↓↓↓

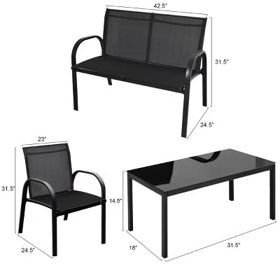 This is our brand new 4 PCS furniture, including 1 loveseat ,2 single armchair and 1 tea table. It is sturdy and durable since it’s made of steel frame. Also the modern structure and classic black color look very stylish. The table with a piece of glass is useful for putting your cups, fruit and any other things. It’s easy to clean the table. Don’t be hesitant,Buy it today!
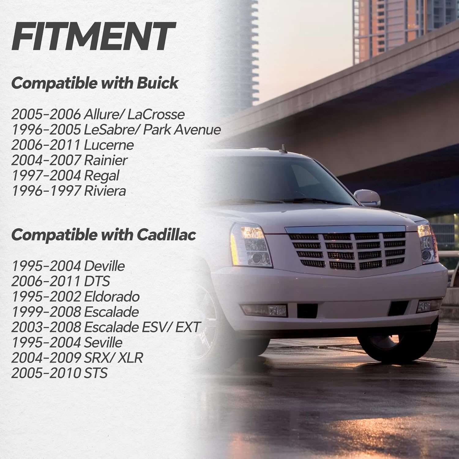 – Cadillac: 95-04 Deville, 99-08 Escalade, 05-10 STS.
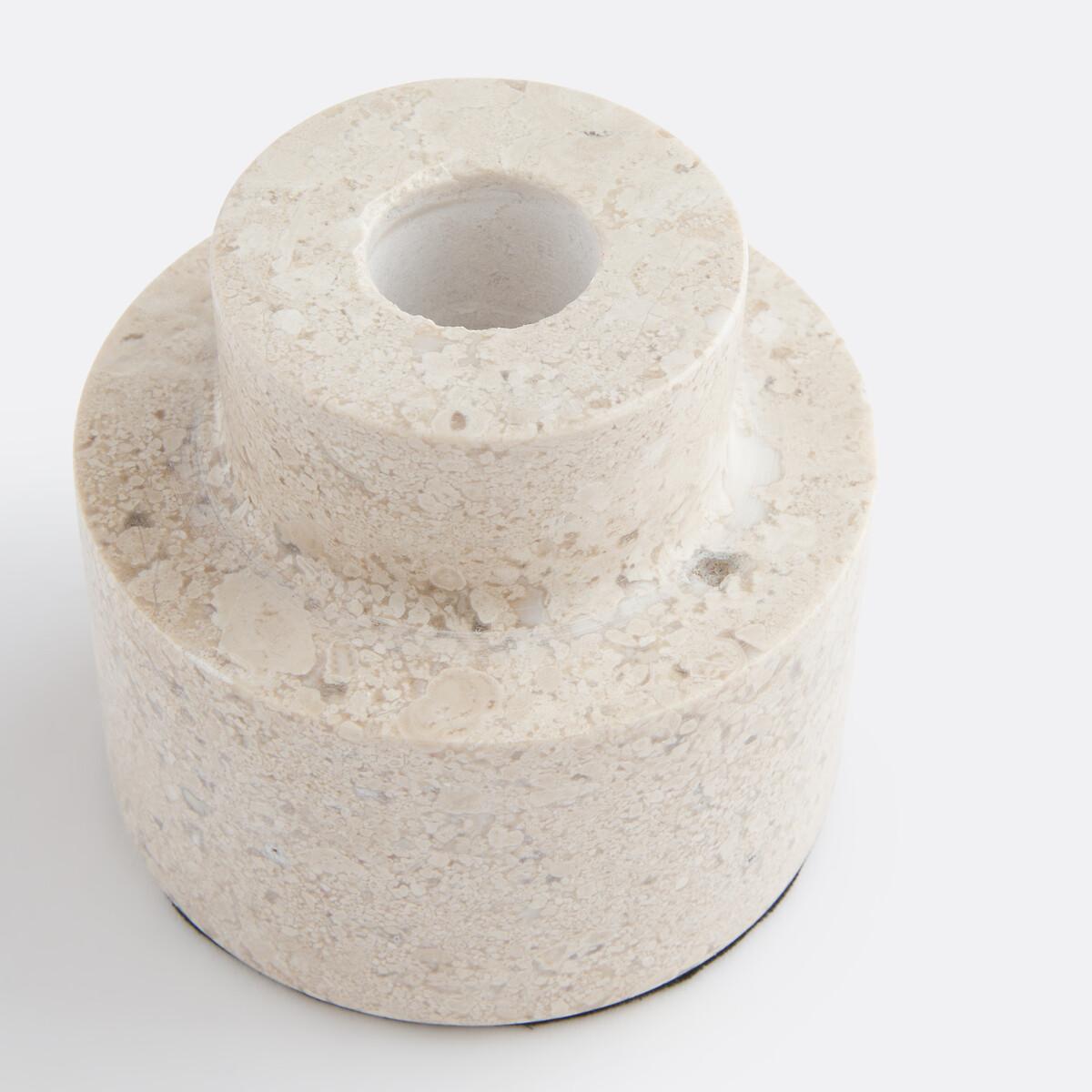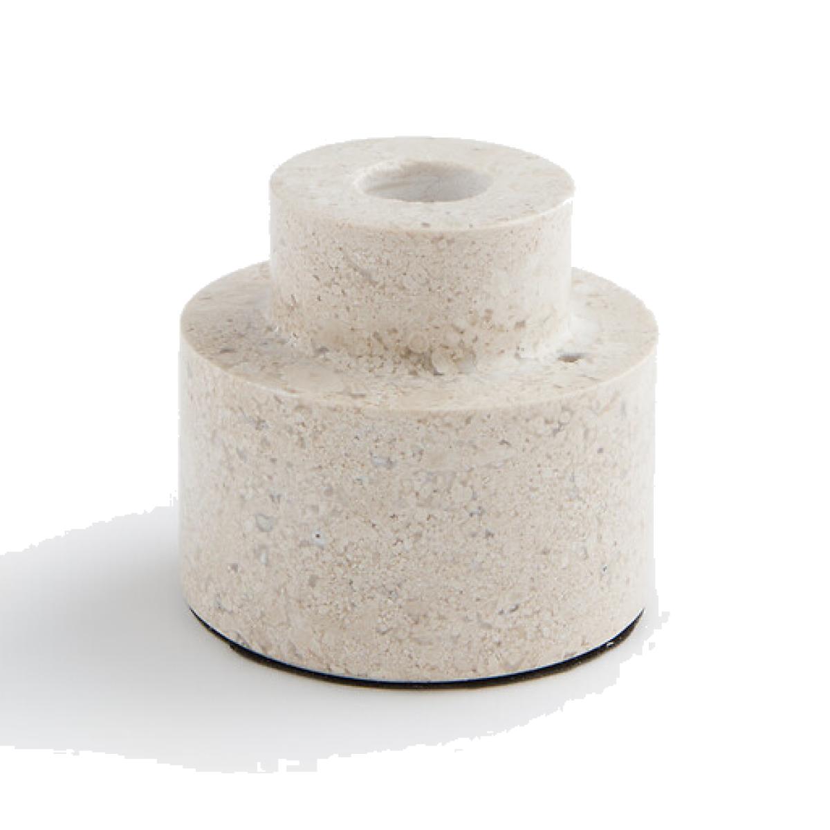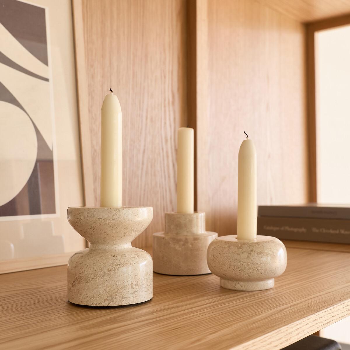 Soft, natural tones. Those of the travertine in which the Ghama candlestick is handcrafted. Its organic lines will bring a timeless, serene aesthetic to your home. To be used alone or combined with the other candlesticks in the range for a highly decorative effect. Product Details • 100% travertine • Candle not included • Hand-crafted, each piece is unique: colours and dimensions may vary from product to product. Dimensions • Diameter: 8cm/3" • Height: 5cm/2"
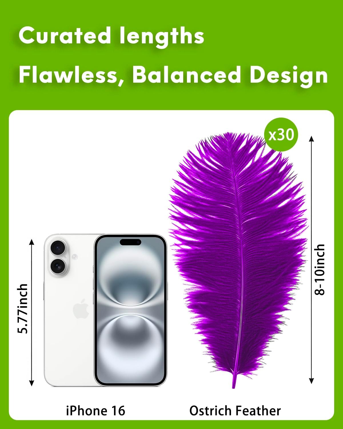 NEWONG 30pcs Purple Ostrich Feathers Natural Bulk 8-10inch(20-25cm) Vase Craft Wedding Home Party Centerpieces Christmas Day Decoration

↑↑↑
↓↓↓

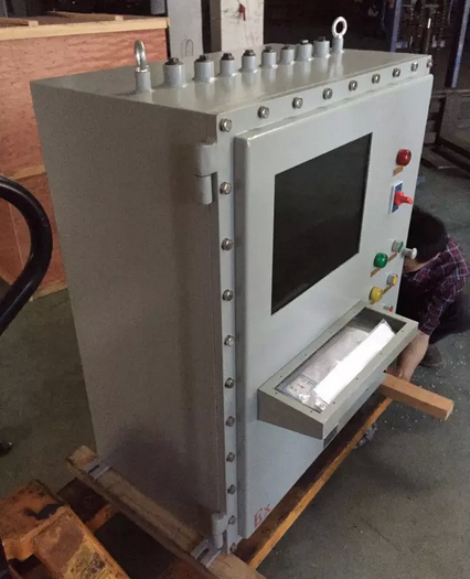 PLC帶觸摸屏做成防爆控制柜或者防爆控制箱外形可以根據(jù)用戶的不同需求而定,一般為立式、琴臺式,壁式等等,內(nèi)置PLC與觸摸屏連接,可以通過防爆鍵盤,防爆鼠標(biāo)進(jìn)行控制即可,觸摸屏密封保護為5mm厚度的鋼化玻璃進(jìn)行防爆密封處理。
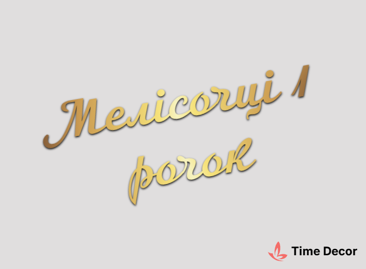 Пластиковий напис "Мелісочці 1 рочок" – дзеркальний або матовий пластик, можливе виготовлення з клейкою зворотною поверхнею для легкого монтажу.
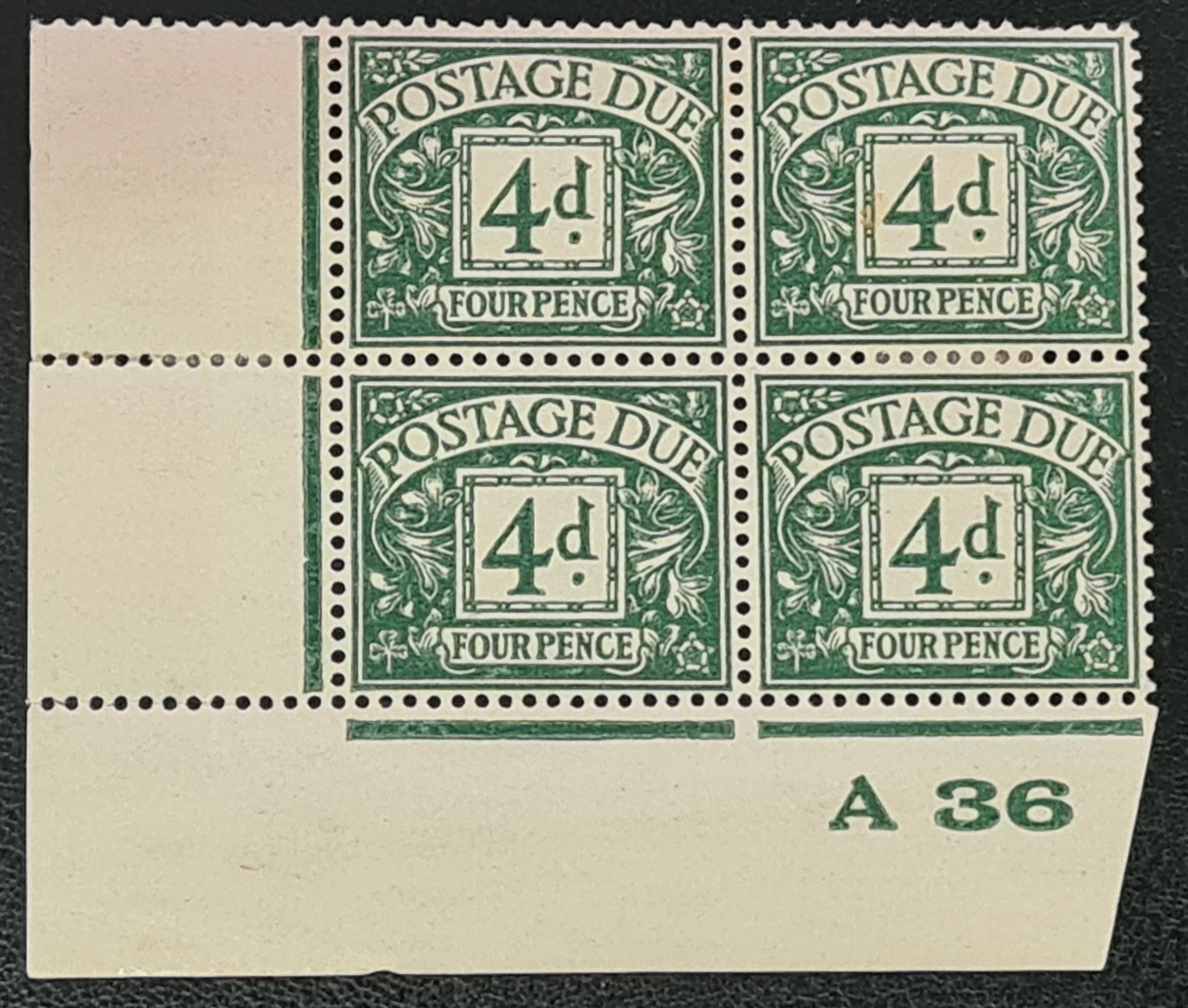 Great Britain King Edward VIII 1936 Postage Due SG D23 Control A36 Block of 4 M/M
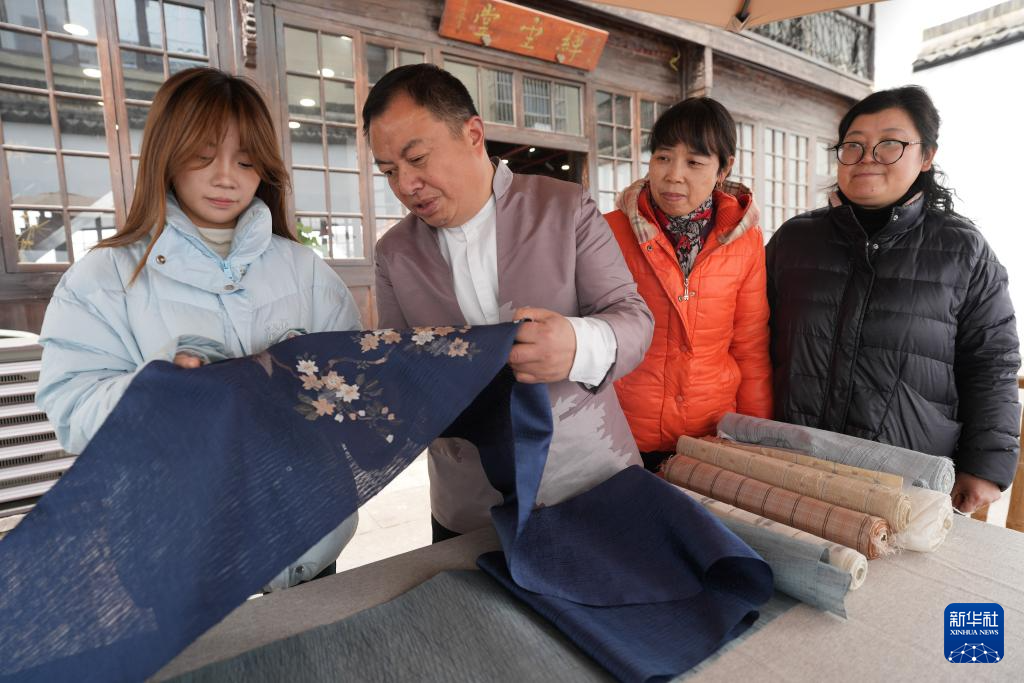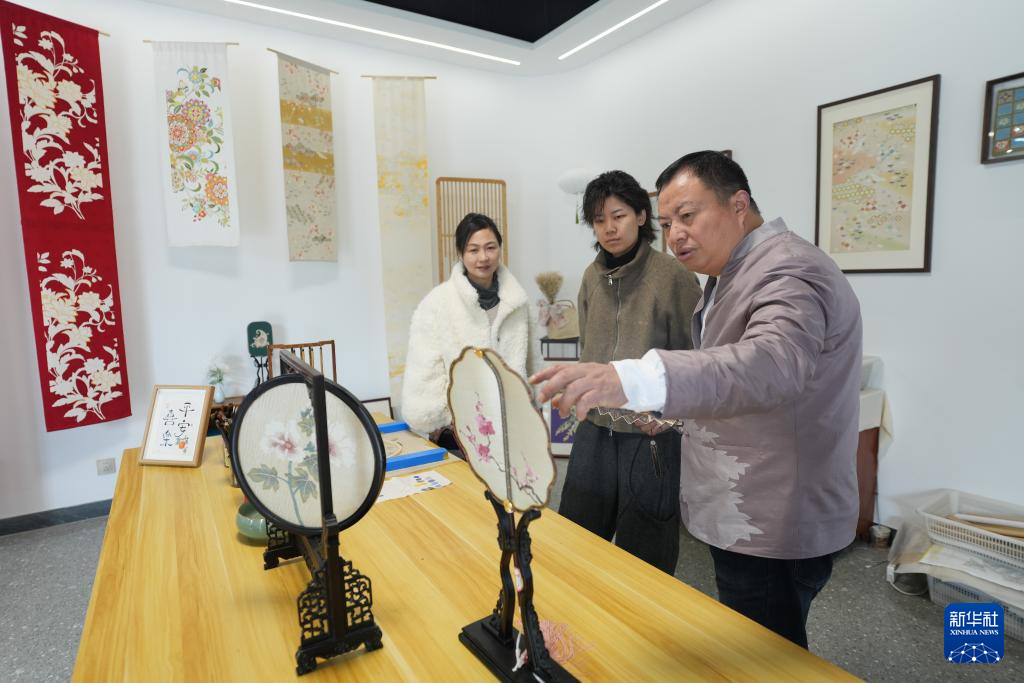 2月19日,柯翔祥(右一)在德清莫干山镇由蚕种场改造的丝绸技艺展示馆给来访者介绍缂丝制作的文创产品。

↑↑↑
↓↓↓

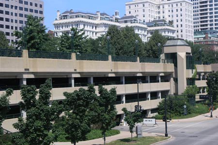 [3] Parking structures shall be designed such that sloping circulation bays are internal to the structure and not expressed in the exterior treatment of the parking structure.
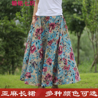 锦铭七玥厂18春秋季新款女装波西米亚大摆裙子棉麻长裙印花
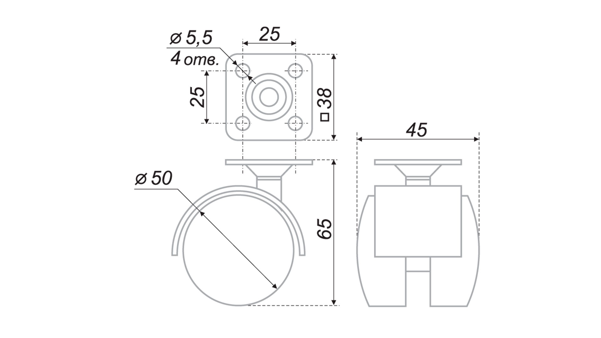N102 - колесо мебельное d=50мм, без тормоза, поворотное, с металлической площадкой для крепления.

↑↑↑

▸ **Task brief**:
From the records above, copy exactly the lines starting at the one with "[3] Parking structures" and ending at the one with "锦铭七玥厂18春秋季新款女装波西米亚大摆裙子棉麻长裙印花", and no others. Pictures stay out.

▸ **Output of the task**:
 [3] Parking structures shall be designed such that sloping circulation bays are internal to the structure and not expressed in the exterior treatment of the parking structure.
 锦铭七玥厂18春秋季新款女装波西米亚大摆裙子棉麻长裙印花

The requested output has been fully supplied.